Spyglass currently relies on picamera2's default main-stream pixel format, which is XBGR8888 (4 bytes/pixel). The Pi V4L2 H264 and MJPEG hardware encoders both accept YUV420 natively (1.5 bytes/pixel — 2.7× less DMA bandwidth) — so asking libcamera to deliver YUV420 directly avoids both the colour-space conversion inside the encoder and a large amount of memory bandwidth on the camera→ISP→encoder path.
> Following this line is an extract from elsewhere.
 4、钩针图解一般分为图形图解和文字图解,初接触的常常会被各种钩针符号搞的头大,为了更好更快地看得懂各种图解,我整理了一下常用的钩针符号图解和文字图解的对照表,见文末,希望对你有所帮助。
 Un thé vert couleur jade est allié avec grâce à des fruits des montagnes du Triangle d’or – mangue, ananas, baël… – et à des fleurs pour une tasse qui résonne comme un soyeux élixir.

This PR adds proactive format selection in the CSI camera path:

  • Camera._main_stream_config(width, height) is a new extension point on the abstract Camera base — the default returns {"size": (w, h)} (i.e. USB cameras are unchanged).
  • CSI._main_stream_config enumerates the formats libcamera actually advertises for the VideoRecording role via picam2.camera.generate_configuration([VideoRecording]).at(0).formats.pixel_formats and picks the first entry from a preference list ("YUV420", "BGR888", "RGB888", "XBGR8888", "XRGB8888") that the camera supports. These five formats are exactly the intersection of what the V4L2 HW encoder and the SW JpegEncoder both accept (see picamera2.encoders.v4l2_encoder._v4l2_format and picamera2.encoders.jpeg_encoder); requesting anything else risks the encoder failing at start_encoder() with RuntimeError("Unrecognised format ...").
  • If the libcamera query fails, or none of the preferred formats are supported, we fall back to omitting the format key entirely, which preserves the previous picamera2 default — i.e. this PR can only ever match-or-improve the previous behaviour.
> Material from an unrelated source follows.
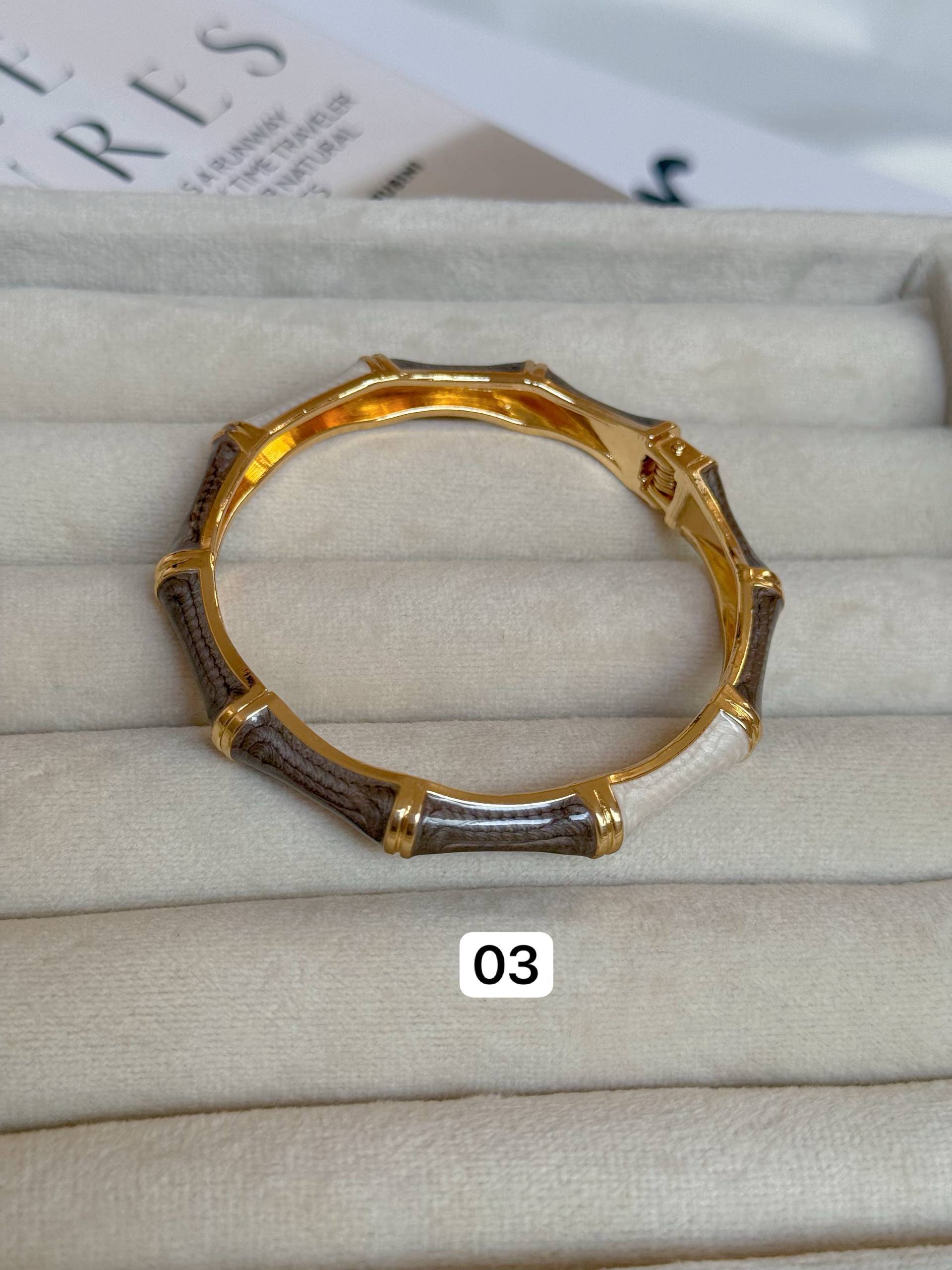 بنگل میناکاری/ابکاری طلا/کیفیت بالا/واردتی/بازوبسته میشود/مناسب هرسایزمچ میشود/ضدحساسیت/هرگونه بدلیجات از موادشوینده عطر ادکلن استخر عرق اسیدی دور باشند

A reactive try/except around picam2.configure() was tried first but rejected: libcamera's validate() returns Adjusted (not Invalid) for many unsupported formats, silently substituting e.g. RGB161616YUYV. picam2.configure() then succeeds, only for the MJPEG encoder to crash downstream because YUYV is not in its format table. Proactive enumeration avoids that whole class of failure mode.

Measured CPU impact

Raspberry Pi 4B, Camera Module 3 (IMX708), 1920×1080 @ 30 FPS, hardware encoders, sampled with ps -p $PID -o pcpu:

Scenario upstream/develop (XBGR8888) This PR (YUV420) Reduction
Idle (encoders running, no WebRTC) 89.1% (87.5–90.6%) ~54% (40–72%) ~39%
Live WebRTC 93.0% (91.1–94.6%) ~67% (52–100%) ~28%

Note: this PR does not include the lazy-encoder changes in #146 — these numbers are with both encoders running eagerly, which is the current develop behaviour. The two PRs compose: with lazy encoders enabled and only one of MJPEG/WebRTC active, idle drops to ~0% (per #146) and the live overhead also benefits from the smaller main stream.

Tested

  • All existing unit tests pass (129 → 134, +5 new tests for the format-selection path).
  • Smoke-tested on a Pi 4B + Camera Module 3:
    • Happy path: libcamera log shows configuring streams: (0) 1920x1080-YUV420/Rec709 (no “Camera configuration has been adjusted!” message — proof that libcamera honoured our pick exactly), /snapshot returns a valid 1920×1080 JPEG.
    • Fall-through path: temporarily prepended a RGB161616 entry to the preference list — confirmed our INFO log fires (Main stream using 'YUV420' (preferred 'RGB161616' not supported by camera)), service starts cleanly, /snapshot still valid.
  • The new tests/test_camera_configure.py covers: top-preference picked, fall-through to next supported preference, no-overlap returns no format key, libcamera enumeration RuntimeError is handled, base Camera does not enumerate (so USB path is untouched).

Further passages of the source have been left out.